Zaman makinesiyle geçmişe gidip kendinizle kaşılaşırsanız… Los cronocrímenes / Hata Vakti (2007):
İspanyol sinemasına konuk olduğumuz bu adımda bilim kurgu, tansiyon ve cürüm çeşitlerindeki Los cronocrímenes sıradaki sinemamız. Nacho Vigalondo imzalı üretim zaman makinesi aracılığıyla geçmişe giden ve orada kendisiyle karşılaşan birinin öyküsün takip ediyor. Sinema Avrupa’daki birçok sinema şenliğinden mükafatla dönmesiyle dikkatleri üzerine çekmişti.
Bilim kurguyu güldürüyle birlikte sevenler varsa: The Ice Pirates (1984)
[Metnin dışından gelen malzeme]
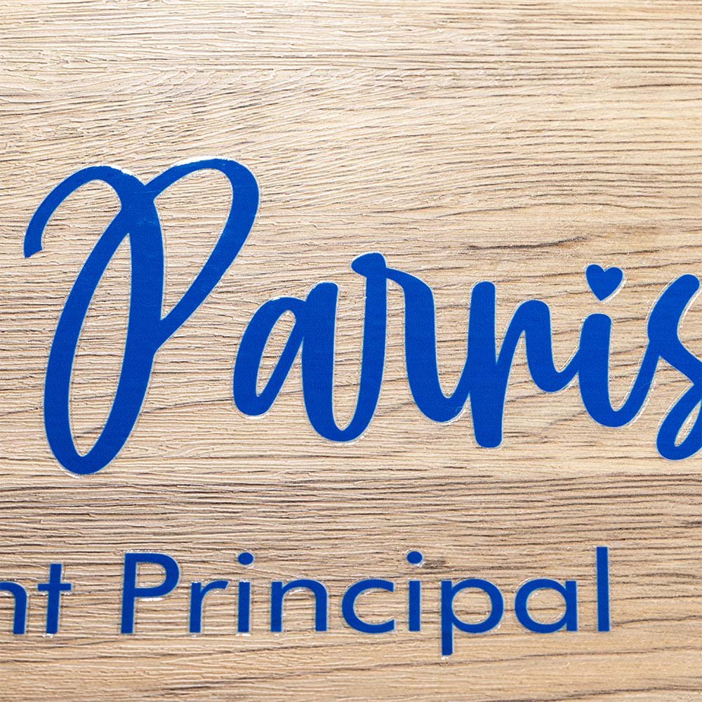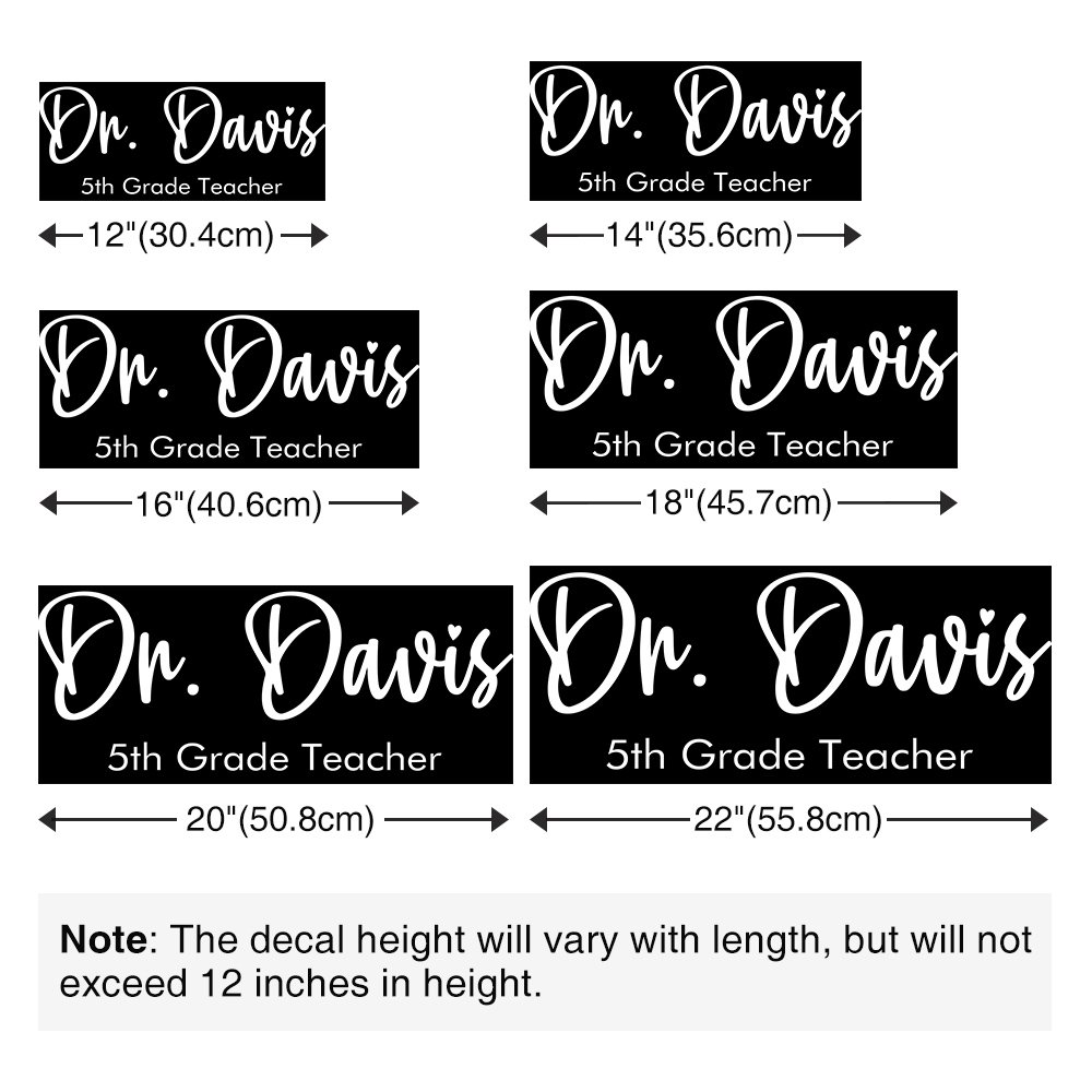 1. Questa decalcomania può essere posizionata in verticale come foto o in orizzontale come preferite. 2. Si consiglia di misurare lo spazio per decidere le dimensioni corrette. La dimensione media di una porta di un'aula scolastica è di 36 pollici di larghezza, ma i tavoli possono variare in termini di dimensioni e posizionamento, quindi non ci piace consigliare la dimensione migliore per voi. 3. Le dimensioni indicate si riferiscono alla larghezza della decalcomania. L'altezza varia in base al numero di lettere del nome, ma sarà sempre proporzionale e non supererà i 12 pollici. I nomi più corti (es.: Ms. Ava) saranno più alti, mentre quelli più lunghi (es.: Mrs. Heathcliff) saranno più corti. 4. I colori possono variare a seconda delle impostazioni del monitor utilizzato.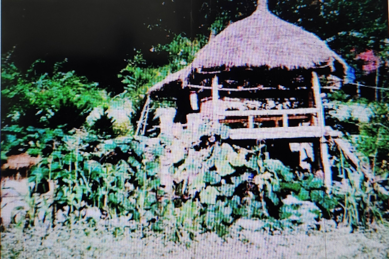 원두막 그늘 아래 홀로 앉아

80’ler kuşkusuz bilim kurgu için özel yıllardı. Passenger 57 sinemasının senaristi Stewart Raffill’ın yönettiği üretim, su kıtlığı yaşanan bir gelecekte geçiyor. Uzay korsanlarına odaklanan hikâyede, bir uzay gemisinden buz çalan korsanların; yakalandıktan sonra bir prenses satılmalarıyla değişen hayatları anlatılıyor.
İnsanlığın tuhaf güçlere sahip bir varlıkla savaşı: Scanners (1981)
Kanadalı direktör David Cronenberg’i The Fly, A History of Violence ve Maps to the Stars ile tanıyabilirsiniz. Lakin Cronenberg de bilim kurgu sinemasında çok değerli işlere imza atmış bir isim. Oyuncu takımında Jennifer O’Neill, Stephen Lack ve Patrick McGoohan’ın yer aldığı üretim, tuhaf güçlere sahip bir “tarayıcı”nın insanlara karşı kanlı bir savaşa girmesini mevzu alıyor.
Sadece 7000 dolara çekilen sinema: Primer / Kapsül (2004)
Upstream Color’ın direktörü Shane Carruth’ın birinci sineması Primer, sırf 7.000 dolara mal edilmesine karşın dünya çapında yarım milyon dolar kazandırmıştı. Shane Carruth’ın yazıp yönetip oynadığı bu üretim şans yapıtı vakit makinesi icat etmeyi başaran iki mühendisin başından geçenleri bahis alıyor.
Yakın tarihin az bilinen bilim kurgu sinemalarından: Chronicle / Doğaüstü (2012)
Capone, The Kill Point ve Fantastic Four üzere farklı çeşitlerdeki üretimlerin senaryolarını yazan Josh Trank’ın birinci uzun metrajı Chronicle, üç liseli arkadaşın yeraltında inanılmaz bir keşfe karışıp üstün güçler kazanmasıyla başlıyor. Hayatları yavaş yavaş denetimden çıkan gençlerin karanlık taraflarıyla bağ kurma seyahati sinemanın konusunu oluşturuyor. Üretimin oyuncu takımında Dane DeHaan, Alex Russell ve Michael B. Jordan üzere isimler yer alıyor.
Listede sizin de ilginizi çeken bilim kurgu sinemaları oldu mu? Kendi favorilerinizi yorumlarda bizimle paylaşabilirsiniz!